Mr BEAZLEY (Fremantle) .- The honorable member for Moore (Mr. Leslie) has just described the amendment as a " dragnet " provision, as though it would open the floodgates of the Treasury. No more unjustified expression could be used. The qualifications incorporated in the clause are completely reasonable. The honorable member for Parkes (Mr. Haylen) pointed out by way of interjection that the first condition to be satisfied was that the soldier had been taken by the Army to a war zone. Also, illnesses arising as the result of intentional selfinflicted injuries, or from occurrences in the course of a breach of discipline will be disqualified as grounds for the granting of pension benefits. The amendment seeks to clarify a position that has caused so much distress in cases with which many honorable members are familiar.

A soldier goes into the Army completely fit, is taken to a war zone, and falls ill and returns unfit. Then the argument about war cause arises.
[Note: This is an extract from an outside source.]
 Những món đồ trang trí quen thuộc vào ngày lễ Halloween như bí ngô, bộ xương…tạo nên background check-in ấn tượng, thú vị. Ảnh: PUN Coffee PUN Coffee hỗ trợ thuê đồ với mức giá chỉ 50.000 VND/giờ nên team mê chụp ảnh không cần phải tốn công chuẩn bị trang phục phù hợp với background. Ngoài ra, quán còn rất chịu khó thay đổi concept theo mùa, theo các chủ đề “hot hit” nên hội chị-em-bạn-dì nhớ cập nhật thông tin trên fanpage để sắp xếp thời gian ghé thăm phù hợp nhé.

In the case that I cited this afternoon the soldier had died from a chronic, ulcerated condition of the stomach. It was agreed that he did not have stomach ulcers when he joined the Army. His ulcerated condition developed in New Guinea and his widow and others contended that it was caused by Army food and the circumstances of Army life. There were months of delay while haggling went on about whether the man's condition was caused by war service. As I said this afternoon, a former Minister replied that the X-ray plates showing his ulcerated condition were being studied. But every one knows that it is not possible, merely by looking at such plates, to decide whether the ulcerated condition was attributable to tension resulting from war service in New Guinea.
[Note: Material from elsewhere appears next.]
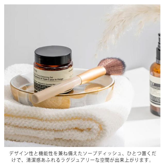 | マーブルのデザインの陶器ソープディッシュ。 無駄がなく洗練されたデザインに、さりげないマーブル模様が上品な印象を漂わせます。 ソープディッシュとしてはもちろん、 玄関先に印鑑やカギを入れておくトレイとしても活躍。 さらに贅沢に大理石を使用することで、ずっしりとした重みが生まれ重厚な仕上がりに。 大理石は切り出す場所によって色味や柄も個性豊か。 日用品なのに、清潔感と高級感を持ち合わせた美しい見た目はインテリアとして飾るようにお使いいただくのがおすすめ。 生活感を払拭し、まるで海外ホテルのようなラグジュアリーな空間を演出してくれます。 プラスチックなど軽い素材を使ったものに比べて、しっかりとした重さと安定感があるのも嬉しいポイント。 デザイン性と機能性を兼ね備えたソープディッシュ、ひとつ置くだけで、清潔感あふれるラグジュアリーな空間が出来上がります。 | |

The point made by the honorable member for Parkes is that the amendment relates only to the man who is taken into the Army physically fit, and becomes ill while on war service. With the exceptions that I have mentioned - selfinflicted injuries and disabilities due to occurrences in the course of a breach of discipline - the illness becomes the responsibility of the Army, which has taken him out of his normal surroundings. To deny that would be just as foolish as to say that, having become ill in a war zone, the soldier in question would not be entitled to medical treatment whilst there. The Army obviously admits that that is not so. He is immediately put in an army hospital. If his incapacity results from such illness, or he is left in a weakened condition that subsequently develops into something more serious, the matter ought to be the responsibility of the repatriation authorities. The amendment of the honorable member for Parkes attempts to achieve this.